Let Y be a lognormally distributed random variable with mean $\mu_Y$ and standard deviation $\sigma_Y$. Assume $\ln(Y)$ is normally distributed with mean $\u$ and variance $\sigma^2$. According to my source, the mean of the lognormal distribution satisfies
$\mu_Y=\ln(\frac{\mu\sigma}{\sqrt{1+w}})$
and variance $\sigma^{2}_Y=\ln(1+w)$
where $w=(\sigma_Y/\mu_Y)^2$.
I am questioning the correctness of this result. I have attempted to derive this formula as follows.
We know that if Y is the logarithm of the normal distribution with mean $\mu$ and variance $\sigma^2$, then the mean of Y is given by
(1) $\mu_Y=e^{\mu + \frac{1}{2}\sigma^2}$, and
(2) $\sigma_Y^2=(e^{\sigma^2} -1)\mu_Y^2$
Setting $w$ the same value as above, the second equation implies that $w=e^{\sigma^2} -1$ so that $\sigma^2=\ln(w+1)$ just as claimed above.
On the other hand, now that we have $\sigma^2$, we substitute this value into equation (1) we get
$\mu_Y=e^{\mu + \frac{1}{2}\ln(w+1)}$, which, to my algebra, yields $\mu =\ln(\frac{\mu_Y}{\sqrt{w+1}})$.

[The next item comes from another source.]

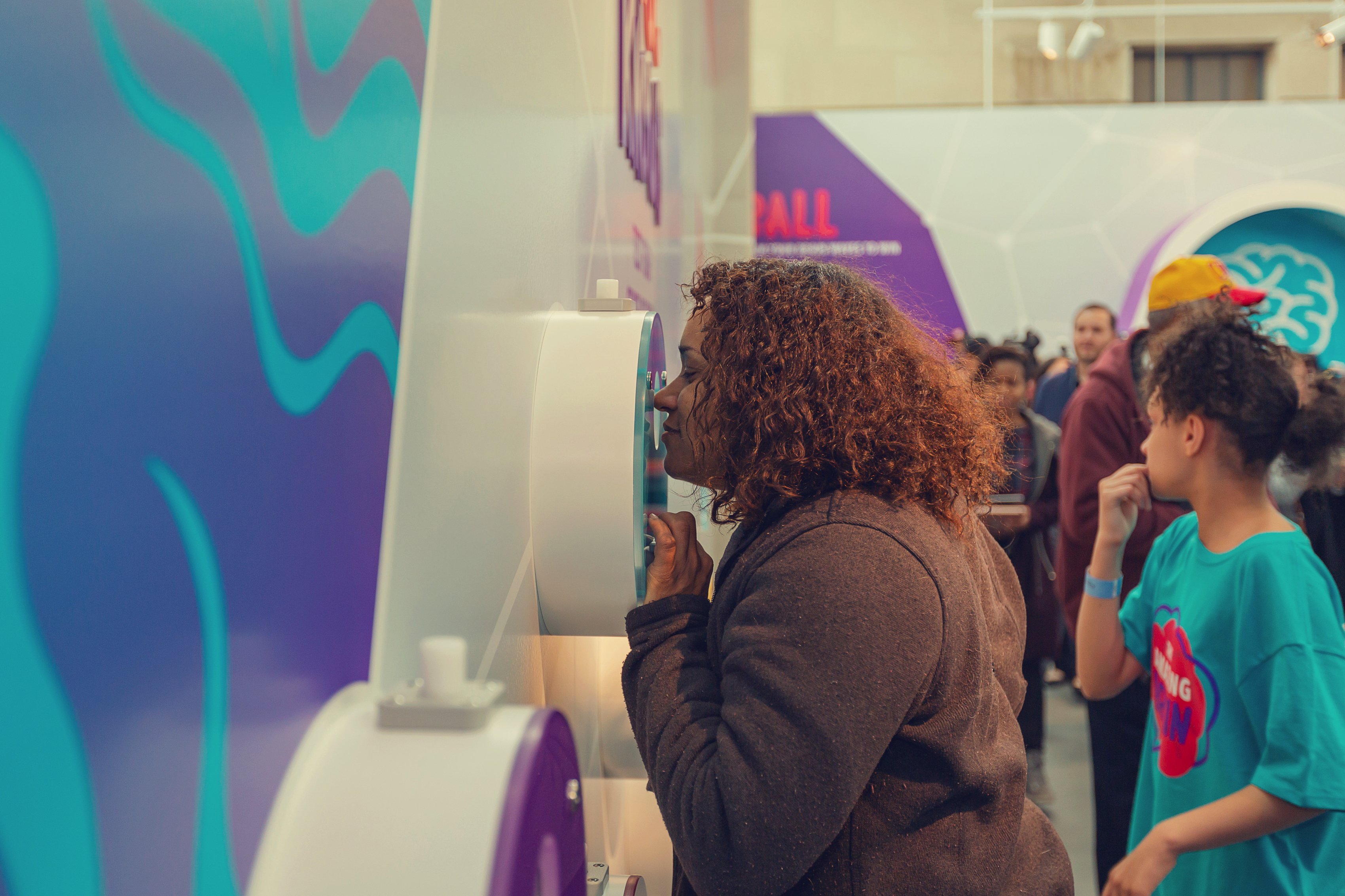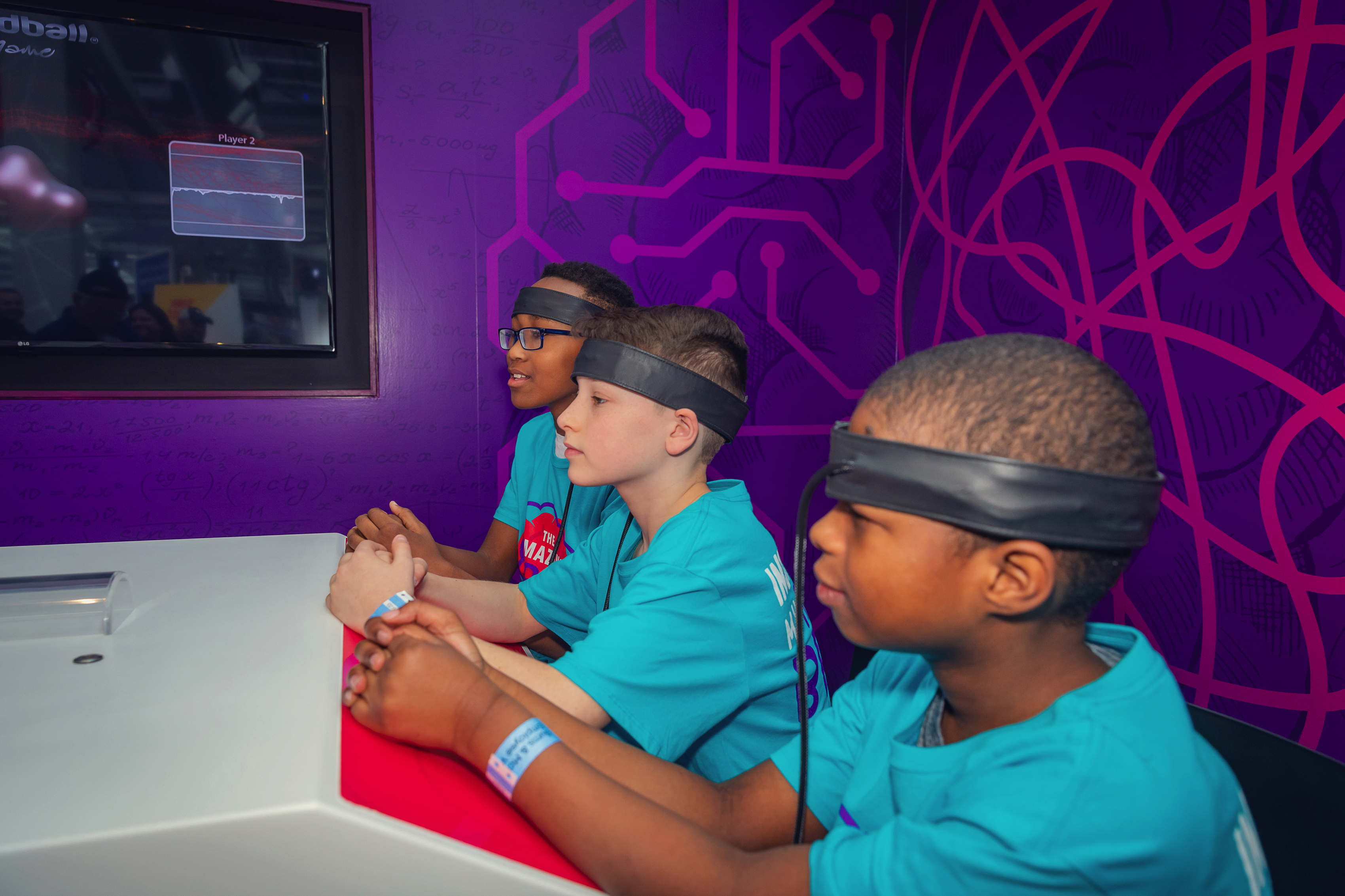 Ready, Set, Recall is a colorful, fast-paced demonstration of your memory network. Be the Brainstem and see how well you can keep up with the automatic functions your body performs to stay alive. Explore your brain’s sound system with audio illusions in Listen Up. Test the teamwork between your brain and body in Balance Me and measure your reaction time with Think Fast. In Upside Down and Backwards, flip your view and tie a shoe. Freeze Frame demonstrates how your brain can be tricked, while Name That Color shows how your brain reacts when it faces competing information. In The Nose Knows, sniff through a library of different scents and test how well your brain interprets the smells. Calm your brainwaves to win in Mindball, where your ability to relax is the key to victory. Hot or Cold shows how mixed signals can lead to some surprising sensations. In Shock or Not, some people will get a shock when they press a button and some won’t. Ever wondered how you would do when tested by a Lie Detector? Here’s your chance. With the Endurance Test, hang onto a bar as long as you can to see if physical stamina is all in your mind.
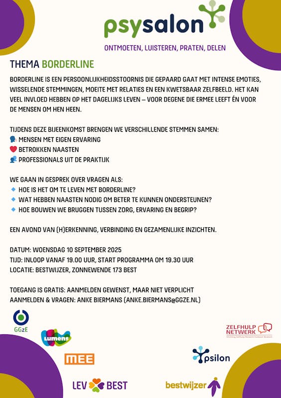 Op woensdag 10 september 2025 is er bij Bestwijzer een Psysalon avond over borderline. Borderline is een persoonlijkheidsstoornis die gepaard gaat met intense emoties, wisselende stemmingen, moeite met relaties en een kwetsbaar zelfbeeld. Het kan veel invloed hebben op het dagelijks leven, voor degene die ermee leeft én voor de mensen om hen heen.

Hoping that somebody here can verify my sanity, or explain why the formula for the mean given in my source is correct.
Best Answer
We have $$ \mu_Y=e^{\mu+\sigma^2/2} $$ and $$ \sigma_Y^2=(e^{\sigma^2}-1)e^{2\mu+\sigma^2} $$ (see e.g. Wikipedia). Hence $$ w=\frac{\sigma_Y^2}{\mu_Y^2}=e^{\sigma^2}-1 \quad \Longrightarrow \quad \sigma^2=\ln(w+1). $$ Now $$ \ln\mu_Y=\mu+\frac{\sigma^2}2=\mu+\frac{\ln(w+1)}2=\mu+\ln(\sqrt{w+1}) $$ yielding $$ \mu=\ln\frac{\mu_Y}{\sqrt{w+1}}. $$ So you are correct.